Wednesday, December 27, 2017

Evolution of Marvel




The phone call that came at 5:45AM usually means there is a car that has arrived.  They're calling to confirm that its a car we've ordered.  But this car isn’t for me.  All I need to do is see my step son and his girlfriend off.  They’ve missed the call, in fact. They were in the shower.  We get the guy admitted in.  I find some shoes I can slip on and get their not insignificant amount of luggage loaded into the little Beijing cab and send them off and on their way to Beijing South Station for their train to Shanghai.  Wave them off and close the door, ever so glad it isn’t me speeding off at this hour.

I keep expecting to find something when I look to the papers.  I want to find, I suspect, that if we haven’t come upon definitive moment of reckoning for our president, or that at least we have a new outrage or two to chew upon.  This is certainly a rather unhealthy relationship with the printed media and the powers that be.  I need to consciously push myself to source other news that doesn’t concern him.  That used to be all I’d ever read.  Reading about outrage isn't accomplishing much. 

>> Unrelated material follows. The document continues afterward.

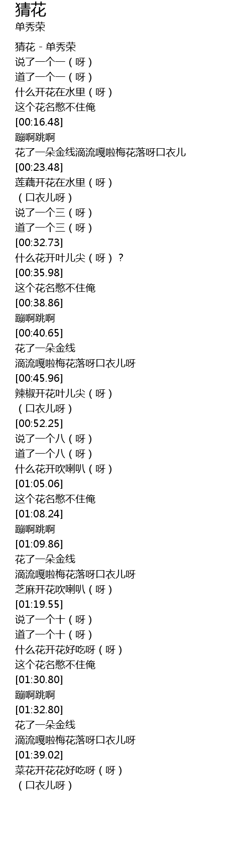 | [01:39.58] | 菜花开花花好吃呀(呀) |

I conducted another interview this morning on behalf of my alma mater and it went well.  Unsolicited but I always feel obliged to tell these young people considering my university that it really was the most magnificent time I can recall, certainly the first year at least, before you had your heart broken and slogged along through those interminable blues.  The first year though was an innocent, indelible, time-lapsed evolution of marvel that I recall so well, even today and certainly if the topic of the place is one I'm supposed to channel something substantive about that's where my mind trains itself. 

It almost didn’t happen but I made it to the gym late this afternoon, far later in the day than I usually do.  I looked around and found my wife had already gone off to her office.  I called her at 4:30PM but she had no plan to return.  A cab to the gym?  Nah.  I resigned myself for a moment to simply not going.  Quitting is so much easier at the end of the day.  But then my daughter asked for a ride to a nearby mall to see a friend.  Now we were beginning to build a movement and sure enough the invocation of my daughter’s needs allowed me to tack mine on the end and soon I was walking across the high school parking lot in my shorts and hoodie. 



On the way back out into the dark of night, I needed to walk in this silly attire toward the main road.  “Come pick me up.”  At first I was told to walk home.  But I painted the picture of my cold bare legs and before too much longer I had managed to talk her into coming out to meet me there at the gate, while they locked up the school up behind me.